## WORK INSTRUCTION
Below is a listing. Set down exactly the lines from the one containing "3瓶装特价!地道山西醋【三宽6°原醋】传统手工粮食酿造 绵、酸、香、甜、醇 味道正宗" through the one containing "Bis und mit", both ends included, and leave out the rest.

## SUPPLIED RECORDS
-- Opening Marker --
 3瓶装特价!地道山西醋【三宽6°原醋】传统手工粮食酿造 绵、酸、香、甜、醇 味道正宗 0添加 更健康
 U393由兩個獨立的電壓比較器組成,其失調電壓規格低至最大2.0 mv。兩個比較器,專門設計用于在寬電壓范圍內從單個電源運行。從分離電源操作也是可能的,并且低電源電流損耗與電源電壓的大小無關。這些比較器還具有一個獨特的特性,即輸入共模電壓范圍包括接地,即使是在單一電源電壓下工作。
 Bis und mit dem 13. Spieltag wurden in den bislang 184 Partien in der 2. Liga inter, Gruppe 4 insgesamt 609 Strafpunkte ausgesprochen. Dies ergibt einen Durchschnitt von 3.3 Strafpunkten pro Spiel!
-- Closing Marker --
-- Opening Marker --
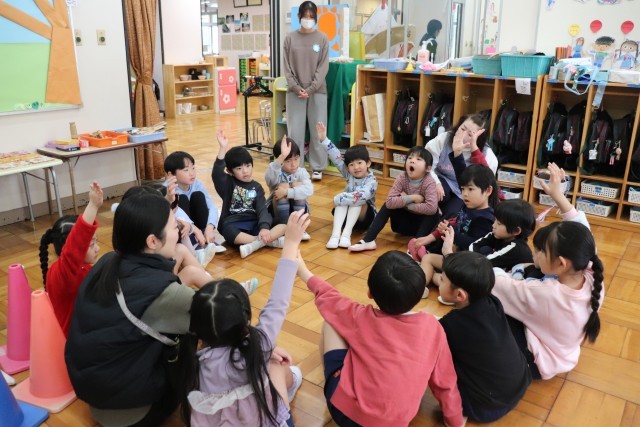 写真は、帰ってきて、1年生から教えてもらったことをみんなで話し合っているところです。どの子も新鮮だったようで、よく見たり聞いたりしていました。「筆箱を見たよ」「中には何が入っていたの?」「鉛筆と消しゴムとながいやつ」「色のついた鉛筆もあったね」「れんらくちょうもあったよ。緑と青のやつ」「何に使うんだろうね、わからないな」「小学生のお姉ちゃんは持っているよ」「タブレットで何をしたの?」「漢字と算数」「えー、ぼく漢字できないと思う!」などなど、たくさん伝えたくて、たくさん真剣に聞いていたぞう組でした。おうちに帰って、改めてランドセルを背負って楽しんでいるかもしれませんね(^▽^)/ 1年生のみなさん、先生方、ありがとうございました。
-- Closing Marker --
## TASK ANSWER
 3瓶装特价!地道山西醋【三宽6°原醋】传统手工粮食酿造 绵、酸、香、甜、醇 味道正宗 0添加 更健康
 U393由兩個獨立的電壓比較器組成,其失調電壓規格低至最大2.0 mv。兩個比較器,專門設計用于在寬電壓范圍內從單個電源運行。從分離電源操作也是可能的,并且低電源電流損耗與電源電壓的大小無關。這些比較器還具有一個獨特的特性,即輸入共模電壓范圍包括接地,即使是在單一電源電壓下工作。
 Bis und mit dem 13. Spieltag wurden in den bislang 184 Partien in der 2. Liga inter, Gruppe 4 insgesamt 609 Strafpunkte ausgesprochen. Dies ergibt einen Durchschnitt von 3.3 Strafpunkten pro Spiel!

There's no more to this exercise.